Steve Jobs during the NeXT years.
Photo: Doug Menuez/Fearless Genius

thursday16 There was, to put it mildly, a lot that was insanely great about Steve Jobs’ return to Apple. But one thing that always struck me as less than good from an Apple fan’s perspective was that he stopped giving revealing in-depth interviews.

As his ability to command the narrative increased, Apple’s CEO understandably shifted away from playing the media hound he’d been for the first part of his career, where he’d speak with often painful honesty to seemingly any magazine that would have him. One of his last such interviews? The one that appeared in the June 16, 1994, edition of Rolling Stone.

No Jobs in sight!
No Jobs in sight!
Photo: Rolling Stone

Given how significant Jobs is as a global icon, not just in geeky tech circles, it’s telling about where Steve was in 1994 that he didn’t even make the cover of the magazine. The main image is of the band Soundgarden, which was then celebrating its 10th birthday (just as, incidentally, the Mac was). The other big story on the cover was an article about Richard Nixon, who had died earlier that year.

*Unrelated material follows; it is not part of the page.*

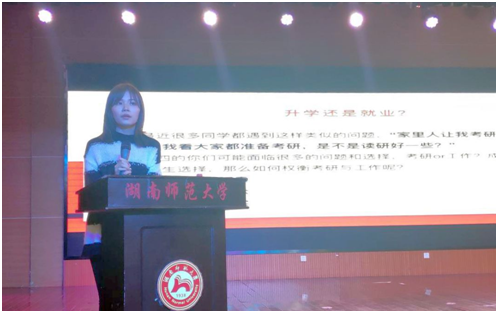 最后,周子杨用毕业时间轴向同学们罗列毕业前不同时期的具体任务。她呼吁大家重视毕业论文撰写,合理规划时间。号召大家踊跃参与12月7日、8日学校将举行的两场大型招聘会。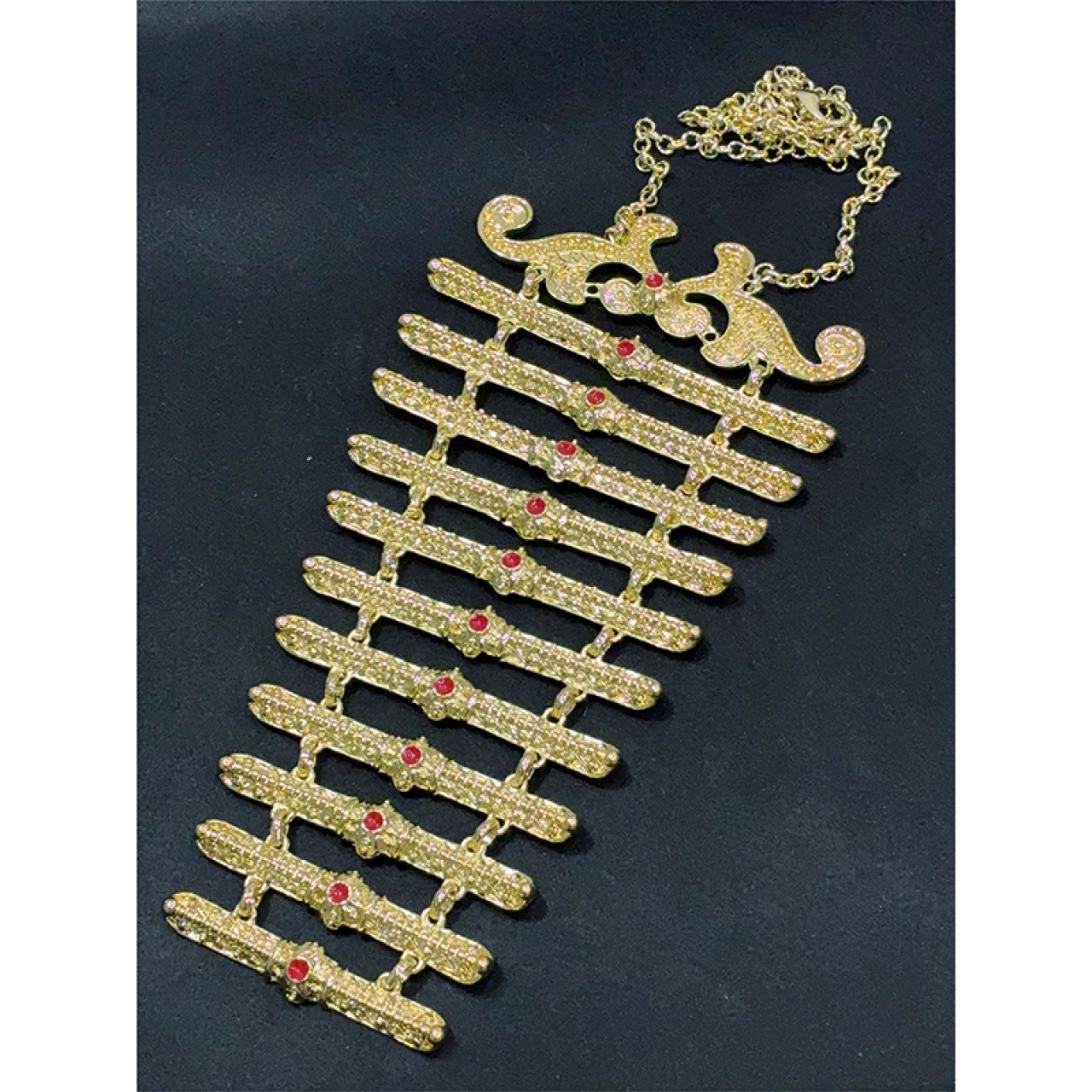 This special Caucasian Circassian Kuban Necklace is inspired by traditional Circassian culture. Made of zamak metal with a gold-plated finish, it offers a stylish look. Thanks to its varnish coating, it is hypoallergenic and comfortable for long-term wear.

Jobs, by comparison, was running a failing tech company (the popular perception of NeXT at the time, even if it did lead to many of the innovations that defined Apple upon Jobs’ return). The interview finds him in a contemplative mood, having shut down the NeXT hardware department in 1993 and running the risk of “[disappearing] into hyperspace,” as interviewer Jeff Goodell notes in his introduction.

The interview hints at many of the things Jobs was already thinking he would change about Apple if he was still there: from the Mac’s lack of innovation, which allowed Microsoft to catch up, to his belief that “small teams of three, four, five people” are going to shape the future of app development — something that the App Store would eventually make perfectly clear.

It’s well worth a read and, as I’ve noted before, I’m fascinated by Jobs’ “wilderness years” at NeXT. They often get glossed over by people who act like it was some tiny blip between Jobs’ stints at Apple, rather than a formative, decade-long period in a professional career that only lasted 35 years.